Records from a collection:
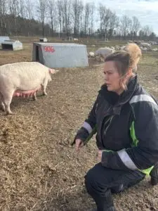 I Vorslunde lige udenfor Give ligger Greensgaard. Her driver Peter Bruun og Lene Conradsen en griseproduktion på friland, hvor halvdelen af genetikken kommer fra DanBred
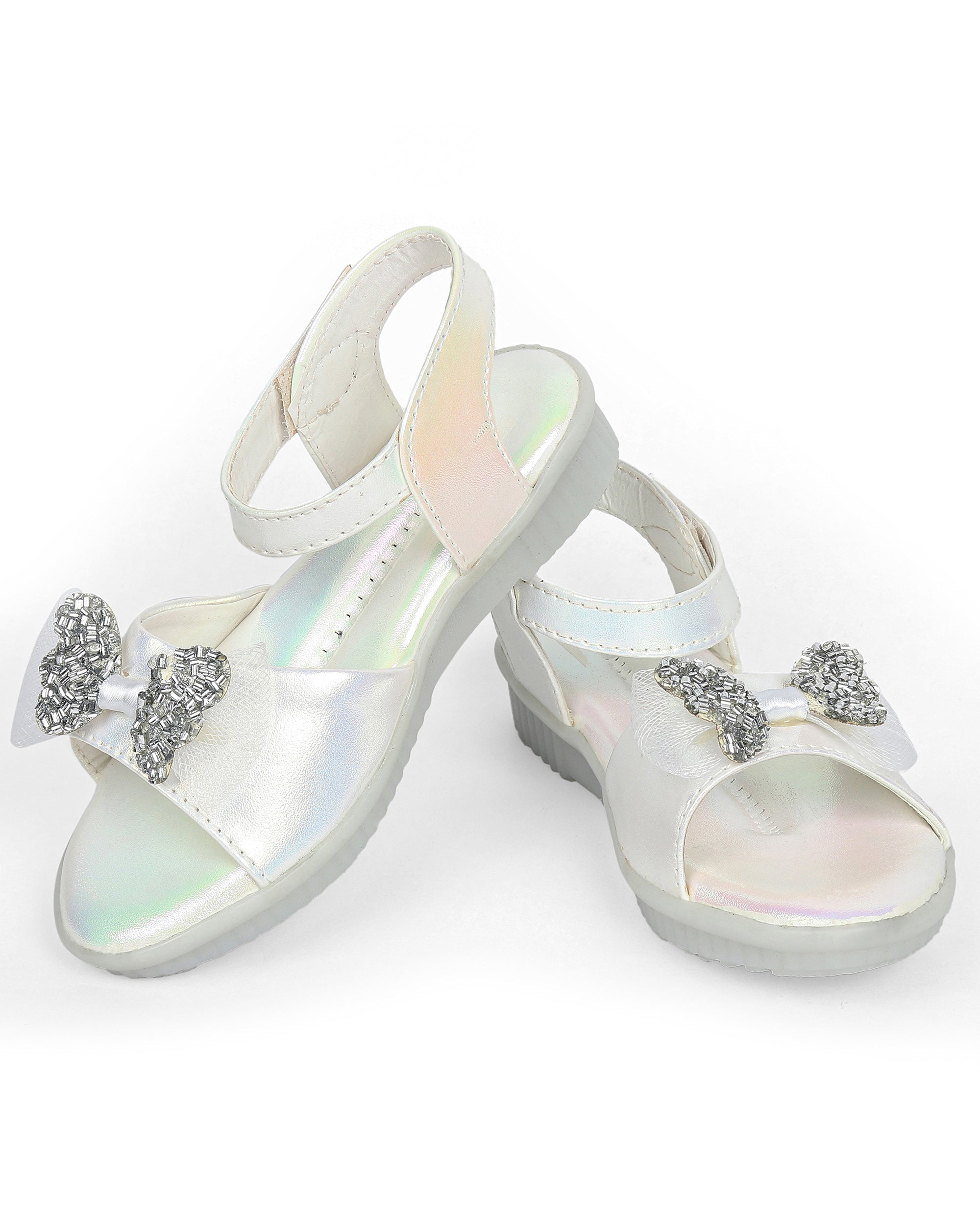 Freeplay Baby Girls Flat Sandals with Sparkly Bow Embellishments
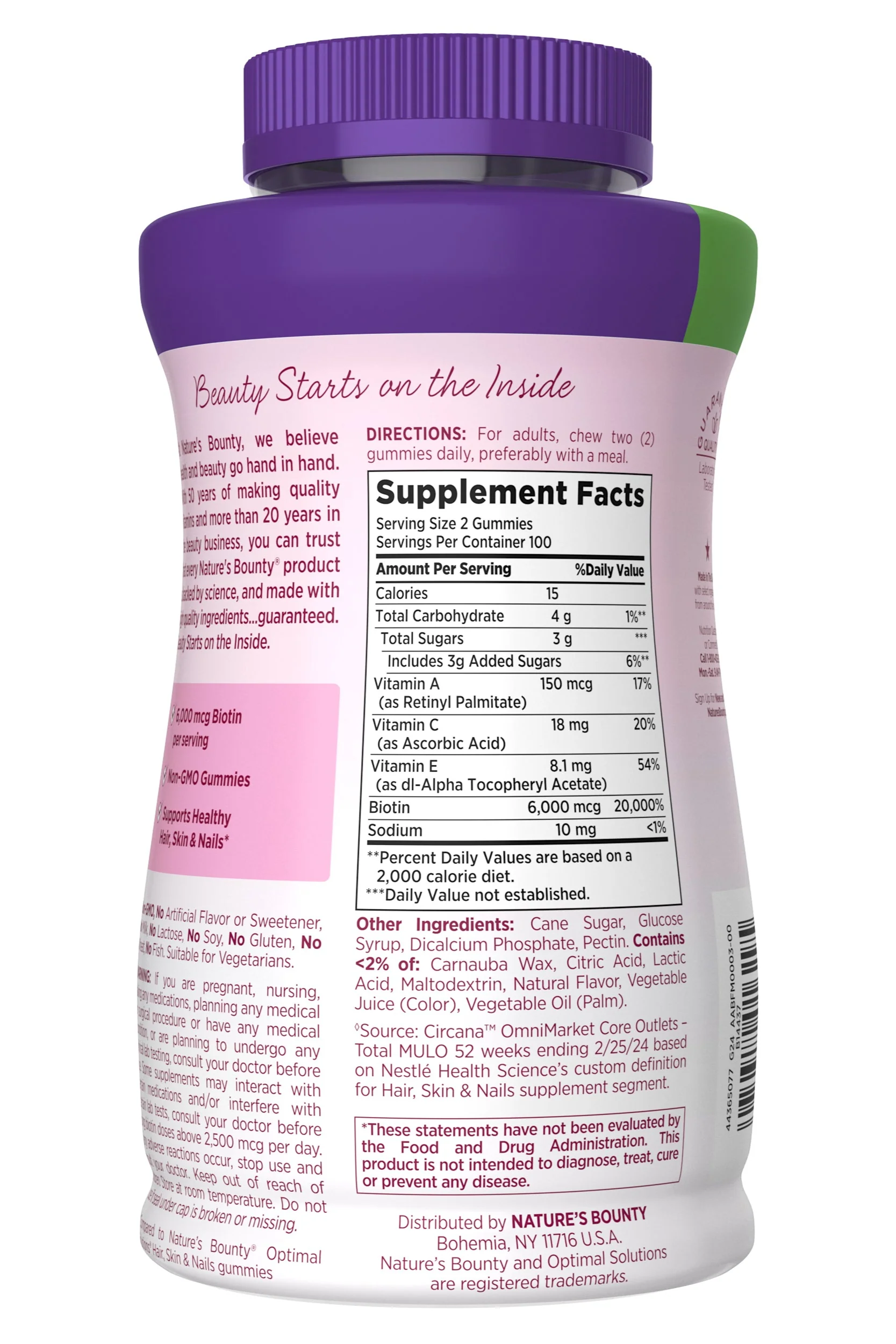 Give your beauty routine an upgrade with Nature’s Bounty® Advanced Hair Skin & Nails Pectin Gummies! These gummies made with Fruit Pectin, are Packed with 2x the amount of Biotin as our leading Hair, Skin & Nails gummy formula, each serving contains 6,000mcg of Biotin to support beautiful hair, glowing skin, and healthy nails.* Bursting with the same delicious strawberry flavor as our original Hair, Skin & Nails Gummies, our Advanced formula is Non-GMO and includes Vitamin A which plays an essential role in maintaining skin health.* Our Advanced Hair, Skin & Nails Gummies also contain antioxidants Vitamin C and Vitamin E. Vitamin C is involved in the production and formation of collagen, acting as the basis for vibrant skin, while Vitamin E is a nutrient that is found on the outermost skin surface.* As an added bonus, our delicious gummies are and are suitable for vegetarians, making them the perfect supplement to your beauty regimen from the #1 Brand for Hair, Skin & Nails.◊ Packaging may vary. †Compared to Nature’s Bounty® Optimal Solutions® Hair, Skin & Nails gummies.
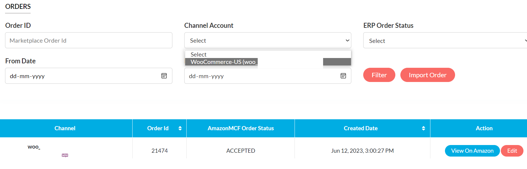 - One drop-down menu: ERP Order Status , Channel Account .
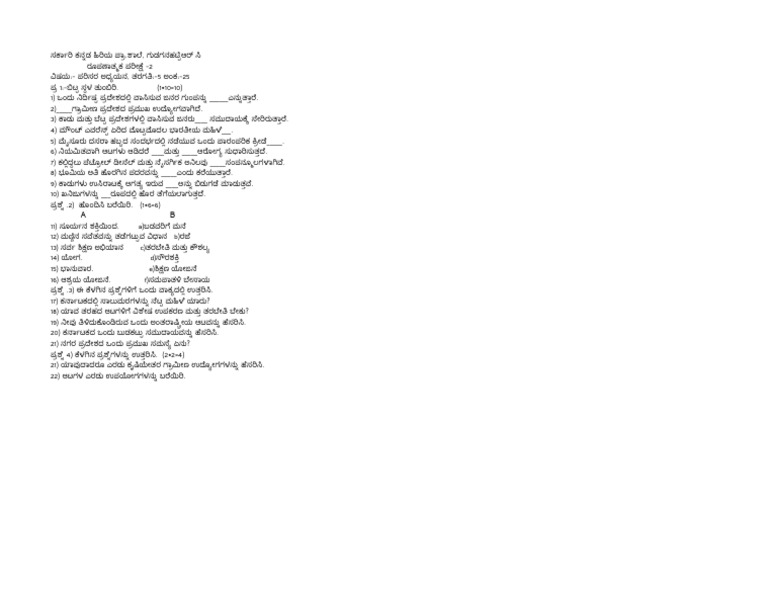 ವಿಷಯ:- ಪರಿಸರ ಅಧ್ಯಯನ, ತರಗತಿ:-5 ಅಂಕ:-25
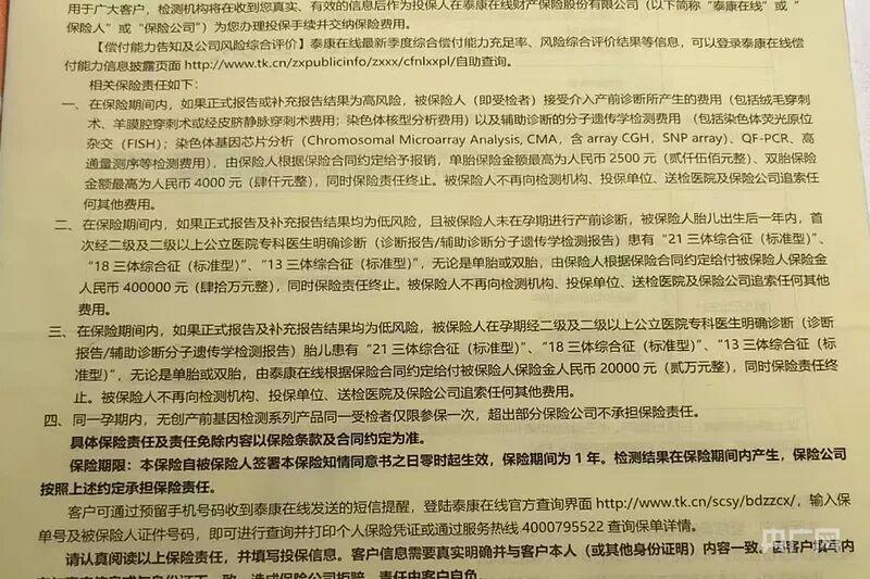 相關工作人員向杜先生夫婦介紹,投保後,如果孕檢檢測結果顯示胎兒有唐氏低風險,而孩子出生後患有唐氏綜合徵,泰康在線將支付誤判補償保險金40萬元。杜先生的妻子考慮到檢測盒投保是捆綁的,所以在《保險知情同意書》上籤了字。

__Instructions for the task__
Please set the data above down exactly, with the pictures removed.

__Solution for this exercise__
 I Vorslunde lige udenfor Give ligger Greensgaard. Her driver Peter Bruun og Lene Conradsen en griseproduktion på friland, hvor halvdelen af genetikken kommer fra DanBred
 Freeplay Baby Girls Flat Sandals with Sparkly Bow Embellishments
 Give your beauty routine an upgrade with Nature’s Bounty® Advanced Hair Skin & Nails Pectin Gummies! These gummies made with Fruit Pectin, are Packed with 2x the amount of Biotin as our leading Hair, Skin & Nails gummy formula, each serving contains 6,000mcg of Biotin to support beautiful hair, glowing skin, and healthy nails.* Bursting with the same delicious strawberry flavor as our original Hair, Skin & Nails Gummies, our Advanced formula is Non-GMO and includes Vitamin A which plays an essential role in maintaining skin health.* Our Advanced Hair, Skin & Nails Gummies also contain antioxidants Vitamin C and Vitamin E. Vitamin C is involved in the production and formation of collagen, acting as the basis for vibrant skin, while Vitamin E is a nutrient that is found on the outermost skin surface.* As an added bonus, our delicious gummies are and are suitable for vegetarians, making them the perfect supplement to your beauty regimen from the #1 Brand for Hair, Skin & Nails.◊ Packaging may vary. †Compared to Nature’s Bounty® Optimal Solutions® Hair, Skin & Nails gummies.
 - One drop-down menu: ERP Order Status , Channel Account .
 ವಿಷಯ:- ಪರಿಸರ ಅಧ್ಯಯನ, ತರಗತಿ:-5 ಅಂಕ:-25
 相關工作人員向杜先生夫婦介紹,投保後,如果孕檢檢測結果顯示胎兒有唐氏低風險,而孩子出生後患有唐氏綜合徵,泰康在線將支付誤判補償保險金40萬元。杜先生的妻子考慮到檢測盒投保是捆綁的,所以在《保險知情同意書》上籤了字。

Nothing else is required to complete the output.